Activity: Would you repeat the data below exactly, taking out the images?

Provided records:
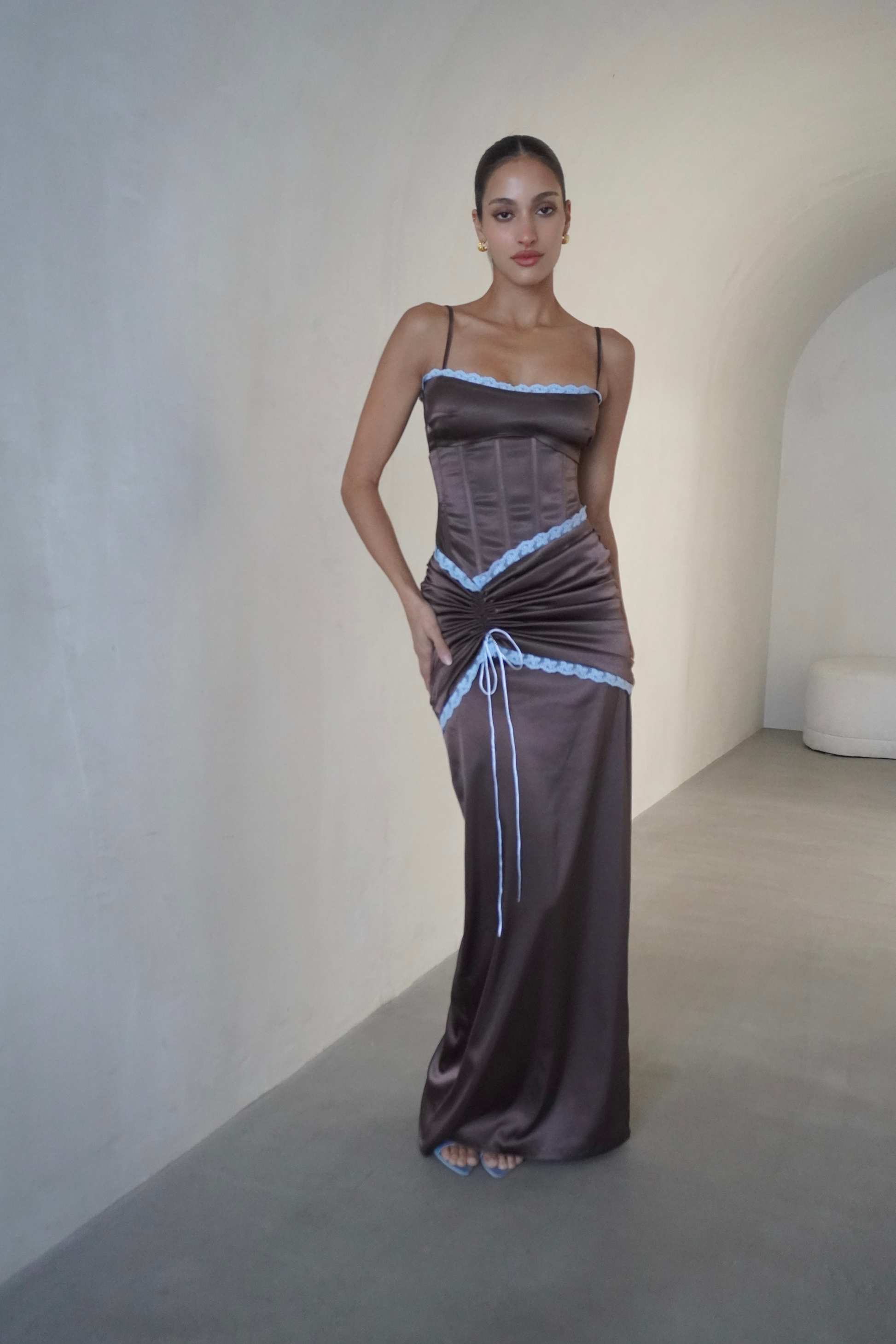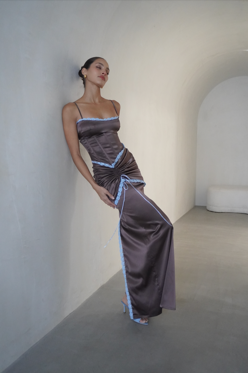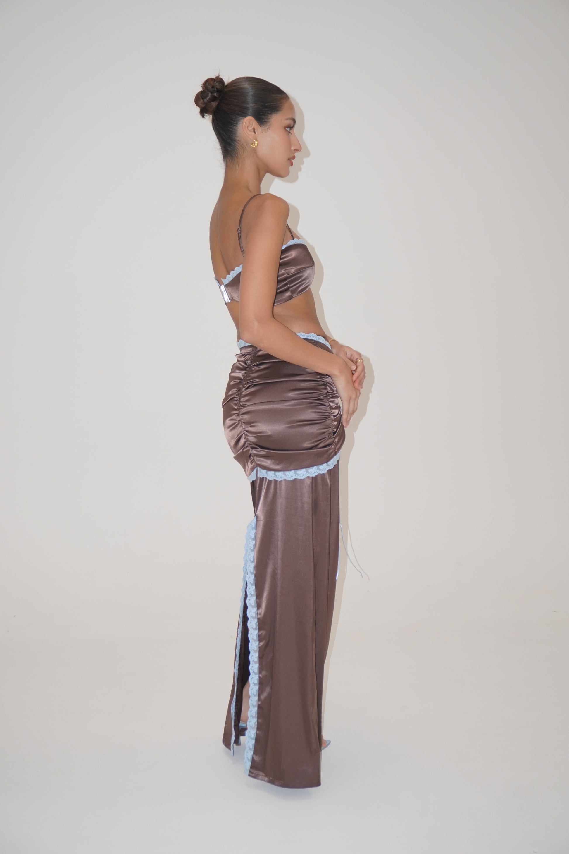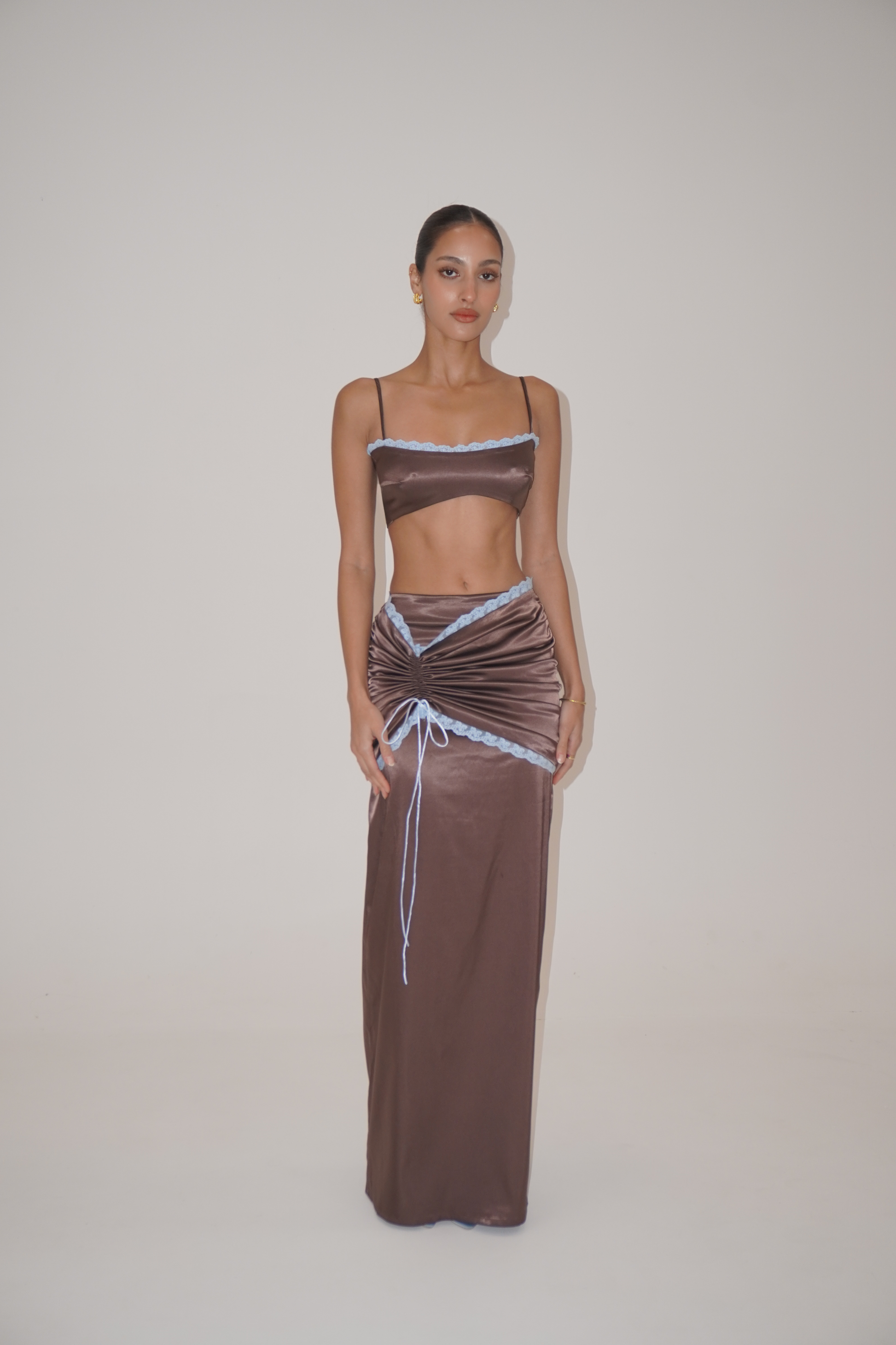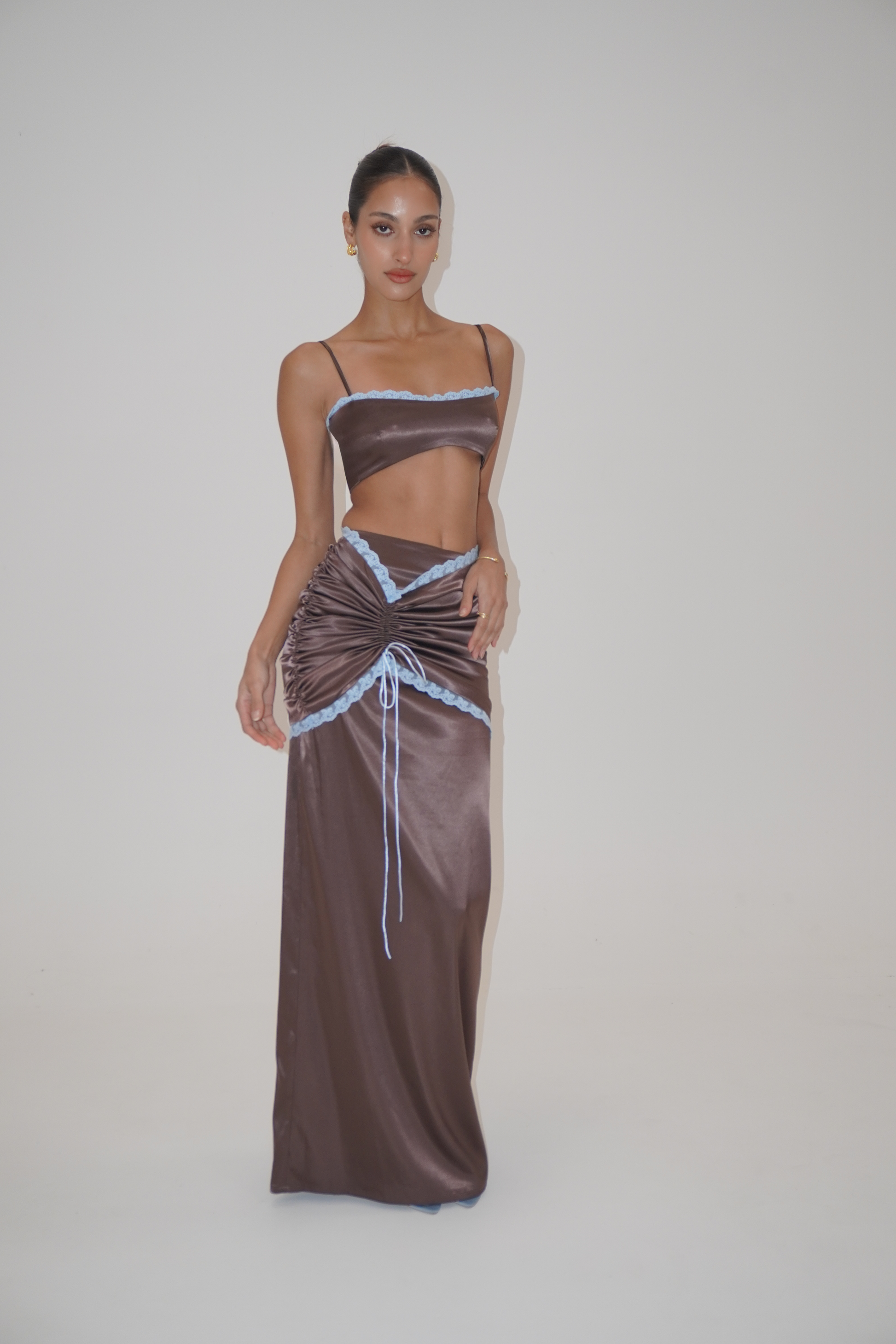 This ensemble features a bralette, an underbust corset, and a maxi skirt. Each piece is designed to be worn individually or together, offering maximum versatility:
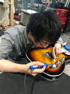 今日は新しくGLIDE EXPERIENCE SERIESに仲間入りするギターにカスタマイズを施していました。折角なので、カスタマイズに使う技術を1つ紹介します。今日紹介するのは「ハンダ付け」。ハンダ付けとは、半田ごてを使って各パーツを繋ぎ合わせる作業です。単調ではありますが、とても重要な作業...
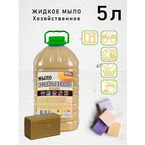 Жидкое мыло хозяйственное 5 литров нежно и бережно очищает кожу рук во время мытья. Обладает приятным запахом. Смягчает кожу рук. Мыло можно использовать в диспенсере или дозаторе для мыла, поскольку он обладает хорошей текучестью и хорошо пенится. При использовании в дозаторе образуется пенка. Жидкое мыло для рук VITA 5 литров (5000 мл) обладает увлажняющим и питающим эффектом. Натуральные компоненты мыла в канистре 5л. VITA не только уничтожают микробы, бактерии и вирусы, но защищают кожу вашего тела и рук. Жидкий матовый концентрат средства обладает приятным запахом, что позволяет наслаждаться каждым умыванием. Оно не вызывает раздражения, а наоборот снимает его, питая кожу, а наши компоненты оказывают отличное увлажняющее действие. Жидкое мыло в баллоне 5л. имеет матовую мягкую консистенцию. При использовании туалетного мыла образуется нежная густая пенка, которая бережно очищает ваши руки. Так же наличие хорошей пены позволяет назвать средство экономным за счет оптимального расхода. Жидкое мыло антибактериальное сертифицировано и проверено множеством тестов, полностью безопасно и подходит для взрослых и детей. Его можно использовать для дачи, в офисе, в общественном туалете, ванной комнате, душе и других местах, так же можно мыть фрукты. Подходит для ежедневного мытья рук, лица, тела. Обладает хорошим моющим и очищающим эффектом, экономично в использовании. Обладает приятным запахом. Может быть хорошим подарком. Можно использовать в бане. Мы выбираем мыло России.
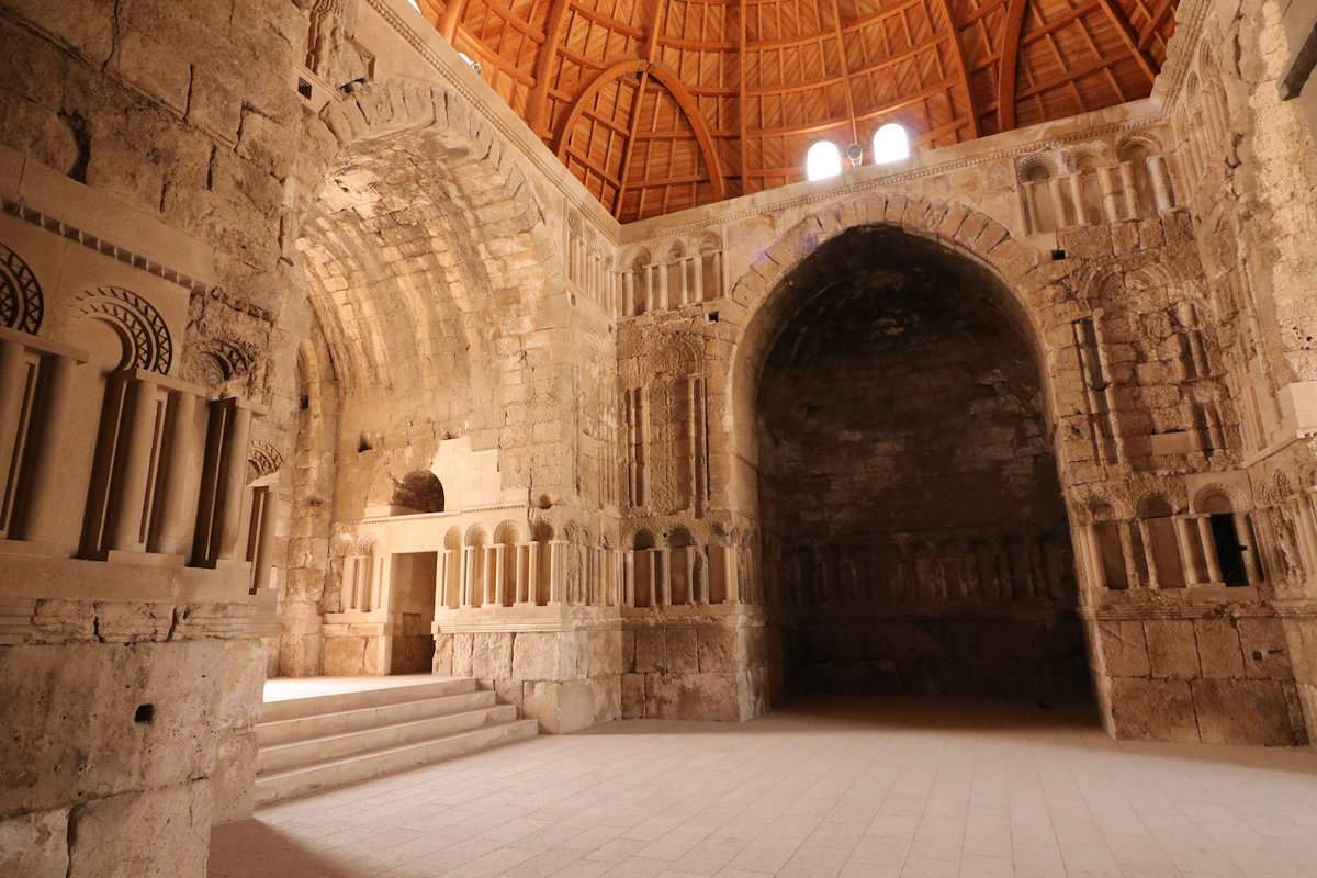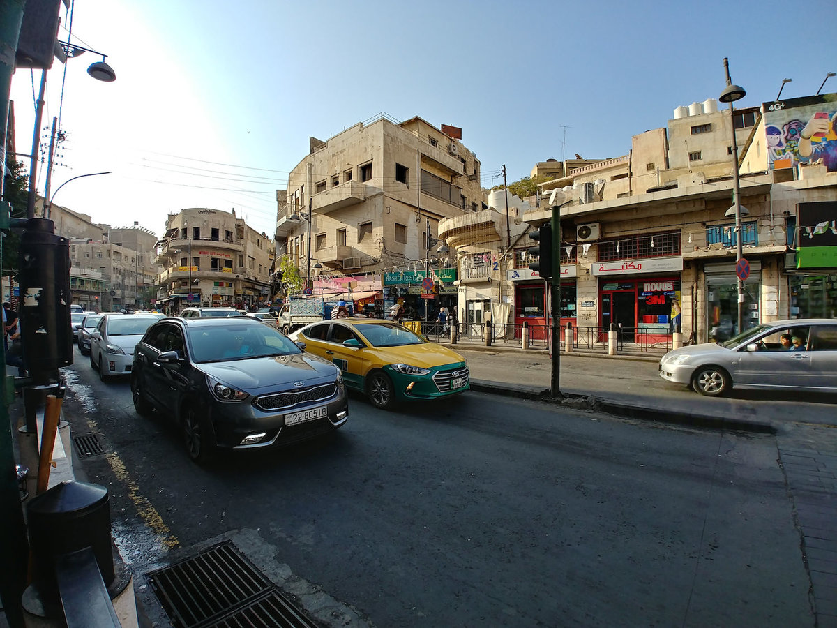 Mit einem sehr eloquenten Taxifahrer sind wir anschließend zur Ruine der Zitadelle gefahren, einem steilen Hügelberg in der Mitte der Stadt mit vielen Schichten unterschiedlicher Bauwerke von Bronzezeitgräbern über römische Tempel bis zu Ummayaden-Palästen. Alles recht interessant, aber auch sehr kaputt. Und man hat einen schönen Blick über die homogen bebauteste Stadt, die ich kenne, fast alle Gebäude sind dreistöcke Appartmentwürfel in Sandsteinfarbe.
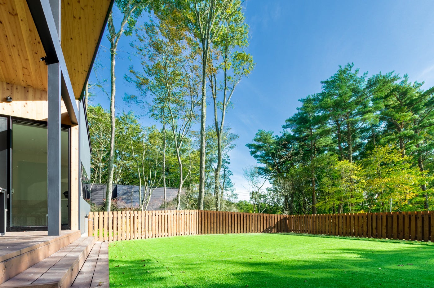 南向きの大開口リビングからつながる約100平方メートル の広々としたプライベートドッグラン(人工芝)は、柵付きで安心してノーリードで遊べる空間。
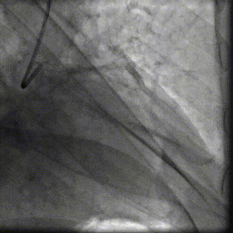 第一阶段,团队先为张老先生进行冠脉造影及介入治疗。结果显示,患者左前降支存在慢性完全闭塞病变,并伴有严重扭曲和钙化,常规处理难度较大。

Exercise solution:
 This ensemble features a bralette, an underbust corset, and a maxi skirt. Each piece is designed to be worn individually or together, offering maximum versatility:
 今日は新しくGLIDE EXPERIENCE SERIESに仲間入りするギターにカスタマイズを施していました。折角なので、カスタマイズに使う技術を1つ紹介します。今日紹介するのは「ハンダ付け」。ハンダ付けとは、半田ごてを使って各パーツを繋ぎ合わせる作業です。単調ではありますが、とても重要な作業...
 Жидкое мыло хозяйственное 5 литров нежно и бережно очищает кожу рук во время мытья. Обладает приятным запахом. Смягчает кожу рук. Мыло можно использовать в диспенсере или дозаторе для мыла, поскольку он обладает хорошей текучестью и хорошо пенится. При использовании в дозаторе образуется пенка. Жидкое мыло для рук VITA 5 литров (5000 мл) обладает увлажняющим и питающим эффектом. Натуральные компоненты мыла в канистре 5л. VITA не только уничтожают микробы, бактерии и вирусы, но защищают кожу вашего тела и рук. Жидкий матовый концентрат средства обладает приятным запахом, что позволяет наслаждаться каждым умыванием. Оно не вызывает раздражения, а наоборот снимает его, питая кожу, а наши компоненты оказывают отличное увлажняющее действие. Жидкое мыло в баллоне 5л. имеет матовую мягкую консистенцию. При использовании туалетного мыла образуется нежная густая пенка, которая бережно очищает ваши руки. Так же наличие хорошей пены позволяет назвать средство экономным за счет оптимального расхода. Жидкое мыло антибактериальное сертифицировано и проверено множеством тестов, полностью безопасно и подходит для взрослых и детей. Его можно использовать для дачи, в офисе, в общественном туалете, ванной комнате, душе и других местах, так же можно мыть фрукты. Подходит для ежедневного мытья рук, лица, тела. Обладает хорошим моющим и очищающим эффектом, экономично в использовании. Обладает приятным запахом. Может быть хорошим подарком. Можно использовать в бане. Мы выбираем мыло России.
 Mit einem sehr eloquenten Taxifahrer sind wir anschließend zur Ruine der Zitadelle gefahren, einem steilen Hügelberg in der Mitte der Stadt mit vielen Schichten unterschiedlicher Bauwerke von Bronzezeitgräbern über römische Tempel bis zu Ummayaden-Palästen. Alles recht interessant, aber auch sehr kaputt. Und man hat einen schönen Blick über die homogen bebauteste Stadt, die ich kenne, fast alle Gebäude sind dreistöcke Appartmentwürfel in Sandsteinfarbe.
 南向きの大開口リビングからつながる約100平方メートル の広々としたプライベートドッグラン(人工芝)は、柵付きで安心してノーリードで遊べる空間。
 第一阶段,团队先为张老先生进行冠脉造影及介入治疗。结果显示,患者左前降支存在慢性完全闭塞病变,并伴有严重扭曲和钙化,常规处理难度较大。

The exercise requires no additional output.